Our data suggest a complex relationship between dietary yeast/TOR signaling, Myc regulation, and immune function. For example, the increased levels of Myc protein in yeast-restricted flies compared to fully fed controls (Figures 5A and 5B) were not reflected in endogenous myc mRNA levels, which were similar (Figure 5H). Furthermore, when myc was overexpressed in yeast-restricted animals, Myc protein abundance was significantly increased over similarly fed control animals, but post-infection survival was unaffected (Figures 5C and 5I). On the other hand, modest increases in Myc levels were sufficient to significantly improve immune function of fully-fed flies (Figures 5C, 5D, and 5I), suggesting a threshold model whereby Myc abundance beyond that observed in yeast-restricted flies has little effect. Taken together, these data indicate that yeast-restriction increases Myc protein abundance through post-transcriptional regulation via reduced TOR signaling, which enhances humoral innate immunity.

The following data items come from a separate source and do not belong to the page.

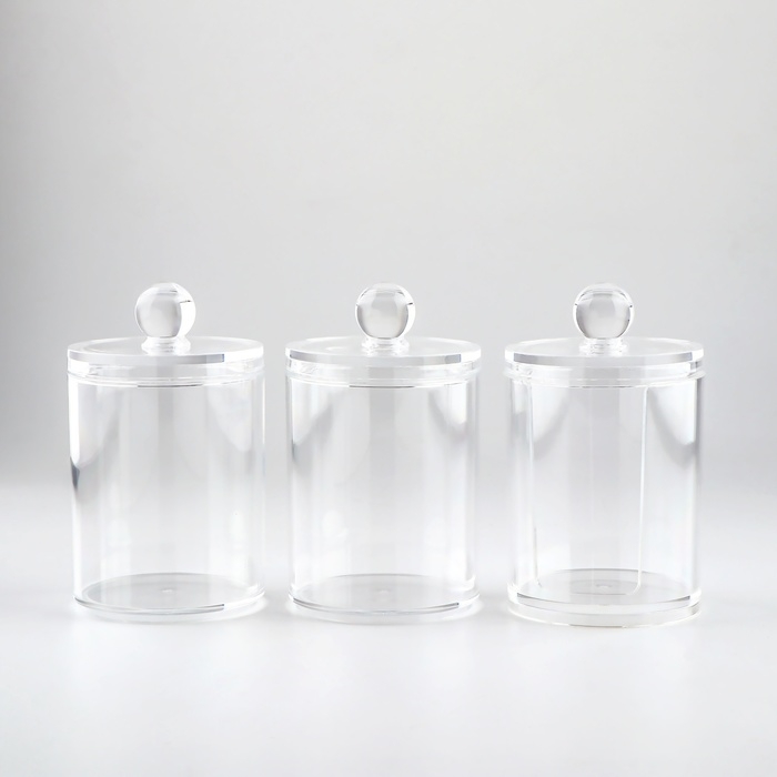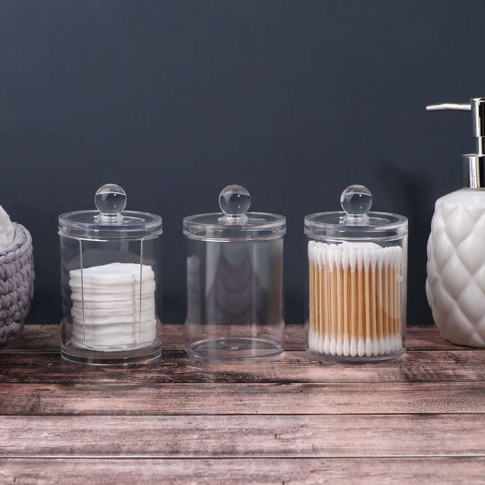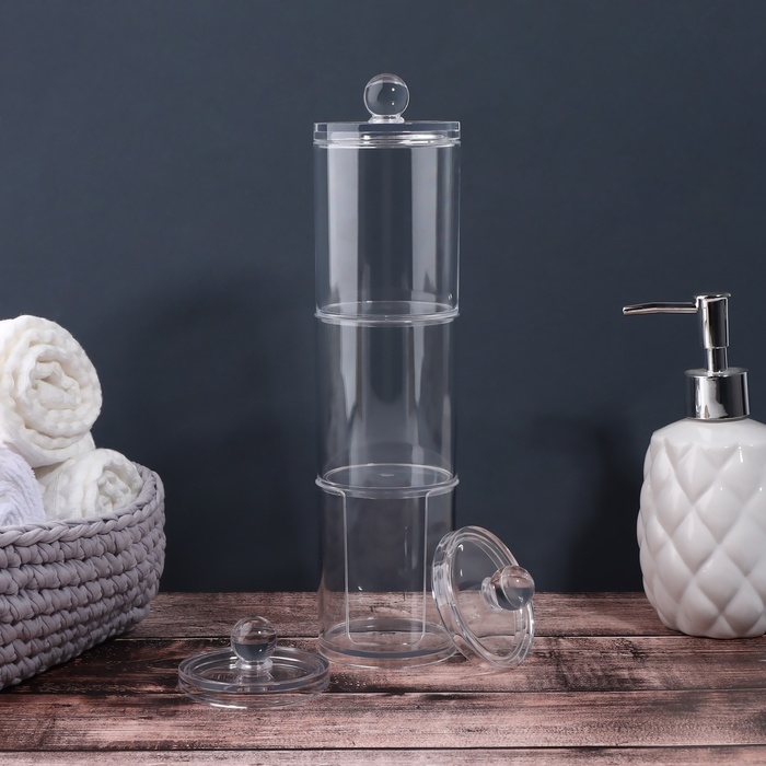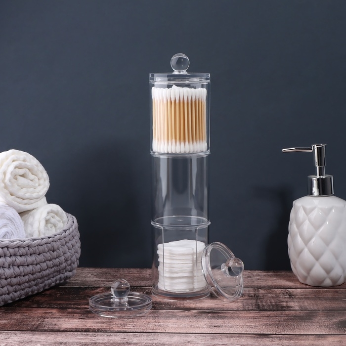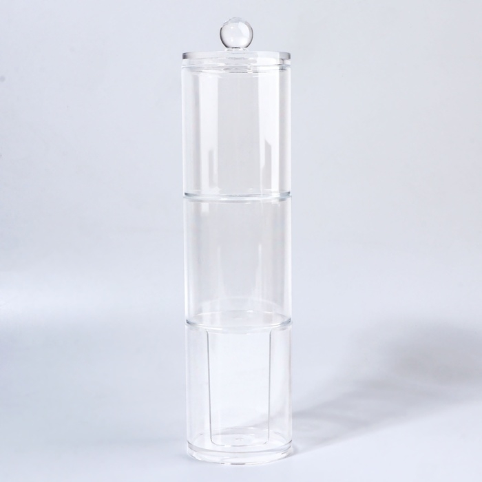 Органайзер для ватных палочек и дисков, с крышкой, 3 секции, 14 × 14 × 13 см, цвет прозрачный
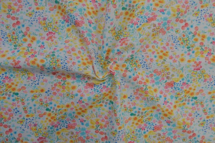 A Lovely Pure Cotton Soft Handle Lawn Digital Print in Colourful Tones of Turquoise, Pink, Yellow & White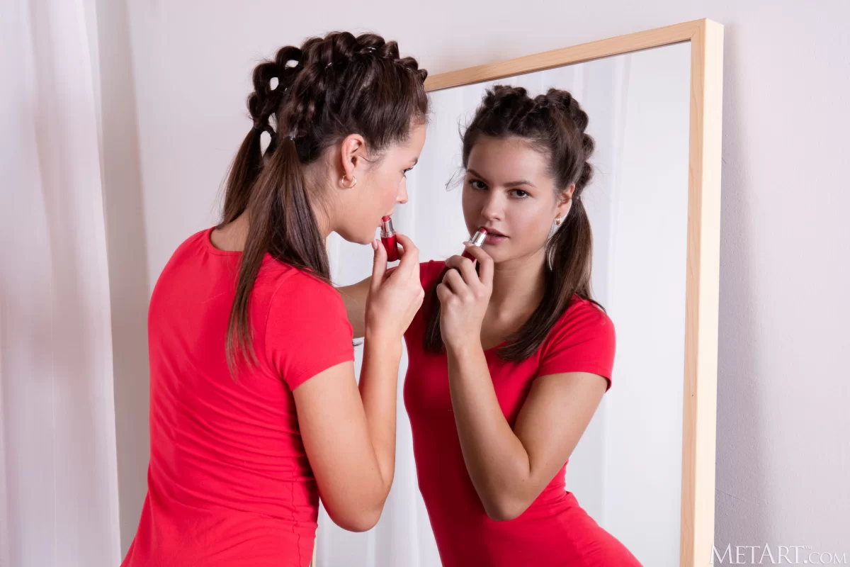 Роковая красотка Viva Fleur сексуально позирует перед зеркалом. На ее потрясающем теле облегающее платье алого цвета под которым отсутствует нижнее белье. Голая брюнетка принимает откровенные позы, показывая обалденную попку и выбритый вареник.Информация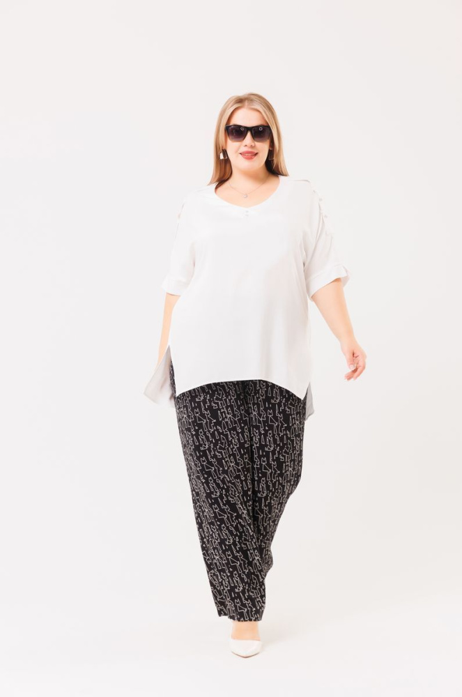 Туника силуэта «трапеция» выполнена из ткани «Belmando”.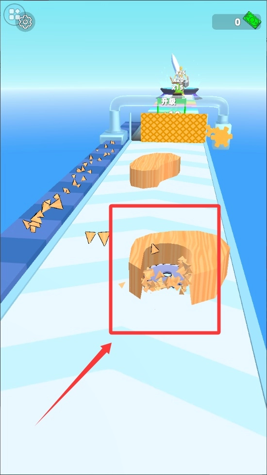 把当前区域的木材加工全部完成后,按照箭头的指示把研磨机移到终点标志的位置,路上得躲开障碍物。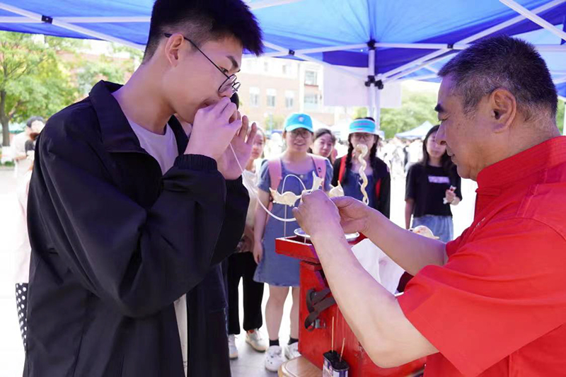 活动邀请4位非遗传承人走进校园,拉近了学生与非遗的距离。现场共设置皮影戏、吹糖人、捏面人、年画、画扇、扎染、陶艺等12项体验展示活动,让学生在“学”与“做”中亲身体验传统文化的独特魅力。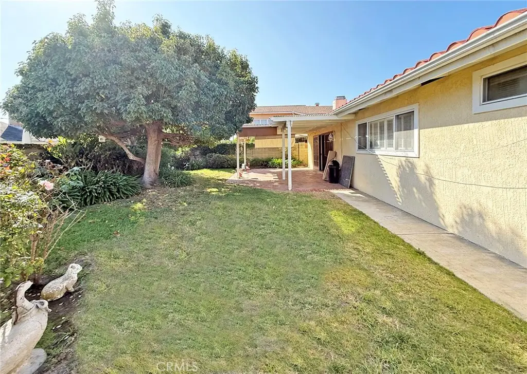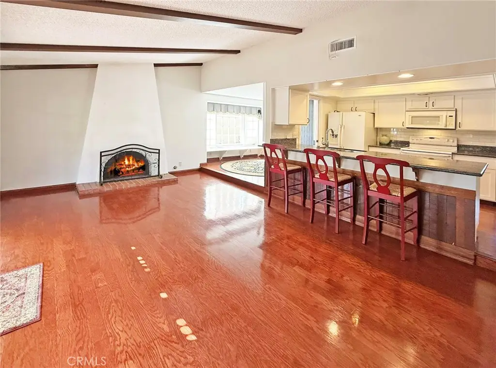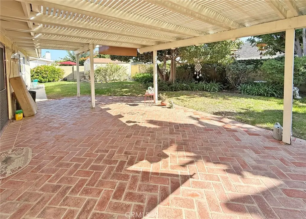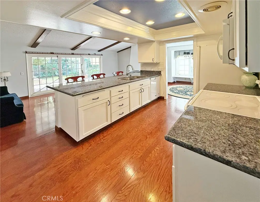 Welcome to this highly desirable 4-bedroom, 2-bath single-story home with over 1,600 sq. ft., located on a fabulous cul-de-sac street! The home features beautiful hardwood floors throughout the living room, dining room, kitchen, and family room. The remodeled kitchen boasts all-white shaker cabinetry, granite countertops, tile backsplash, white appliances, a raised ceiling with crown molding, recessed lighting, and a spacious breakfast bar with seating--all opening to the family room with fireplace, cathedral ceilings, and a French slider that leads to the private backyard with covered patio, lawn, gardens, a shed, and an extra wide side yard. Additional highlights include newer central A/C and furnace, tile roof over the main house, three guest bedrooms, a guest bath with tub/shower combo, and a spacious primary suite with a walk-in cedar-lined closet, upgraded dual-sink vanity, and walk-in shower. With just a few cosmetic updates, this home will be a perfect 10!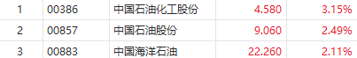 華盛資訊11月19日訊,港股石油股盤中持續上揚,截至發稿,中國石油化工股份漲超3%,中國石油股份、中國海洋石油漲超2%。
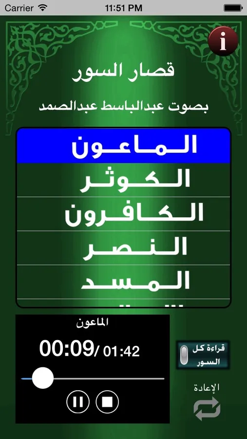 التطبيق سهل الإستخدام و يمكنك من إعادة تلاوة السورة تلقائيا للمساعدة على حفظها.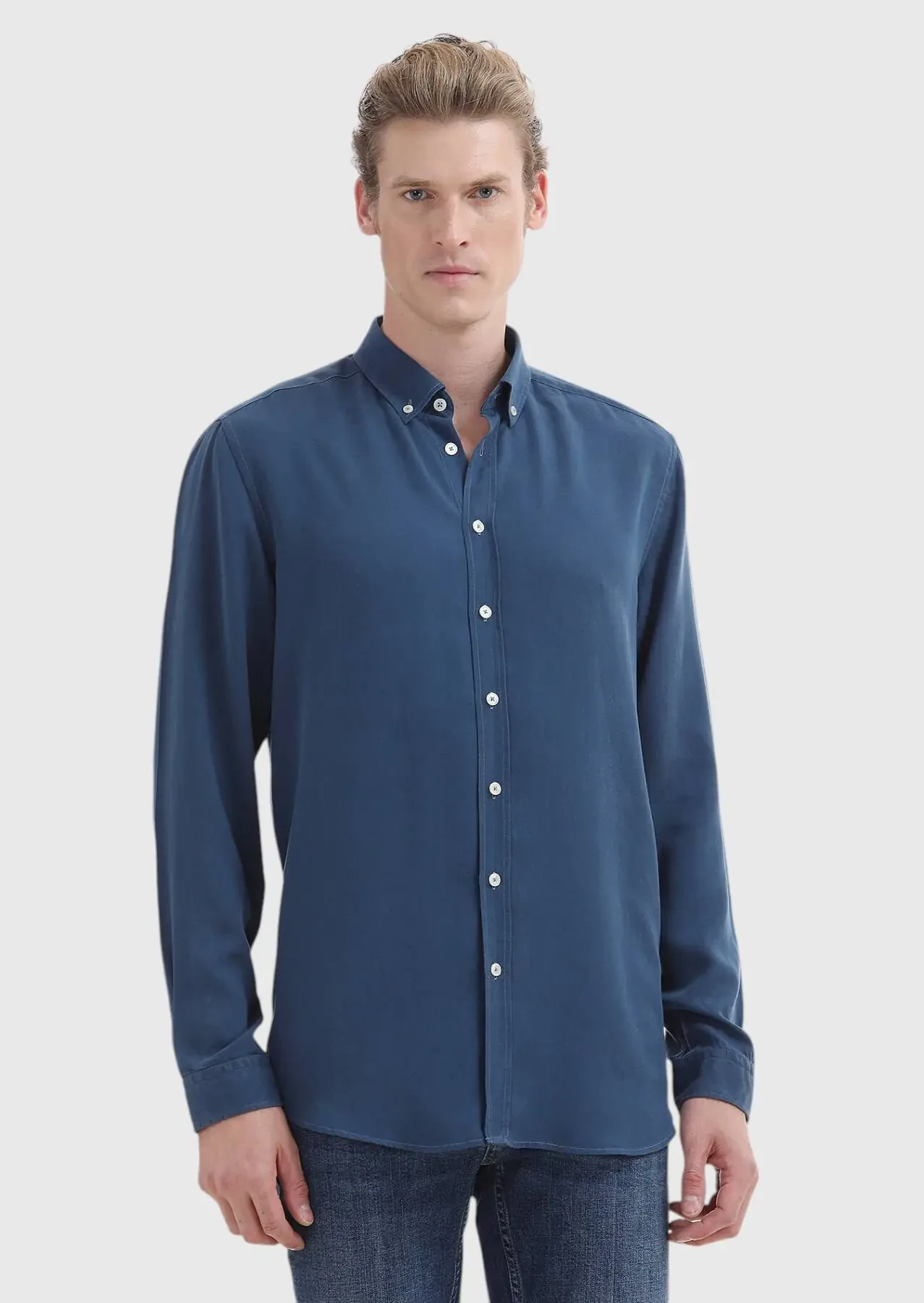 Light Petrol Blue Plain Regular Fit Weaving Casual Shirt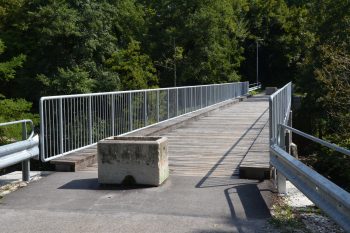 Leta 1827 so na najožjem delu kanjona reke Kokre zgradili kamnit most. Po pol leta so se kamniti bloki zvalili v reko Kokro in most se je porušil. Postavili so nadomestno leseno brv za pešce, promet pa se je spet preusmeril na hujanski most.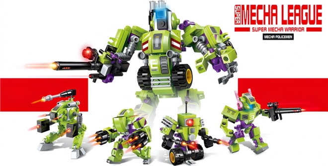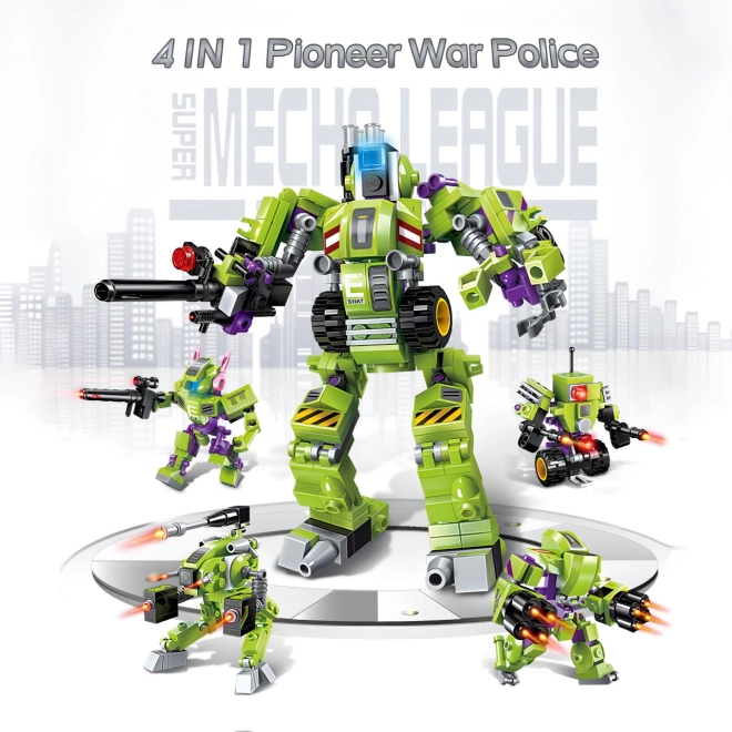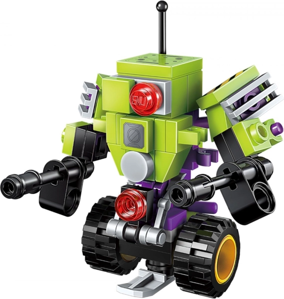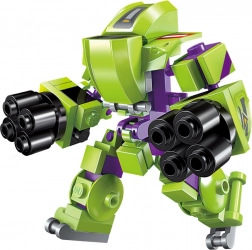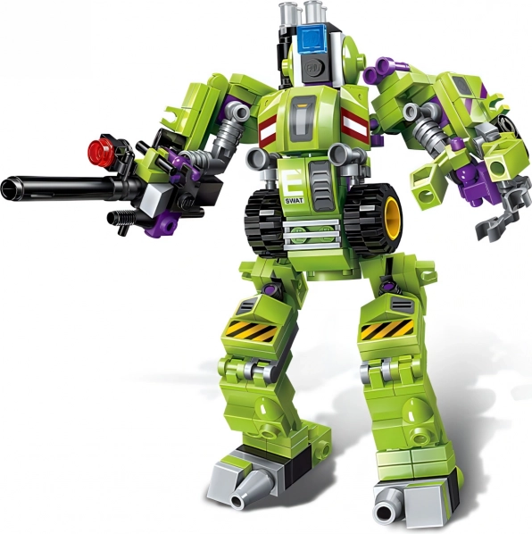 Set omogućuje izradu različitih modela, uključujući velikog oklopnog robota, a kompatibilan je s drugim građevnim setovima.

TOR downregulates Myc through its suppressor protein phosphatase 2A

In mammals, the stability of c-Myc protein is reduced by its dephosphorylation of serine 62 via protein phosphatase 2A (PP2A) and phosphorylation of threonine 58 by Glycogen Synthase Kinase 3. Shaggy (Sgg, the Drosophila orthologue of Glycogen Synthase Kinase 3) primes Myc for proteosomal degradation by the ubiquitin ligase Archipelago (Ago) (Galletti et al., 2009, Moberg et al., 2004). We therefore asked whether PP2A, Sgg, or Ago are required for differential Myc levels in fully-fed flies. Ubiquitous RNAi-mediated knockdown of Ago or Sgg increased Myc protein levels in yeast-restricted adult flies but had little effect in fully-fed animals (Figures S5A and S5B), suggesting that they are not rate-limiting for regulating Myc abundance in fully-fed conditions. A potent inhibition of PP2A, however, via feeding of okadaic acid (OA), increased Myc levels in fully-fed flies in a dose-dependent manner (Figure S5C), due to an increase in phosphorylated Myc (Figure S5D). These data suggest that PP2A serves as a primary mechanism to reduce Myc levels in fully-fed conditions. If TOR signaling were a key molecular link between yeast-restriction and PP2A activity, we would predict higher PP2A activity in fully-fed conditions, which would be abrogated upon TOR inhibition. This is, indeed, what we observed (Figure 6A).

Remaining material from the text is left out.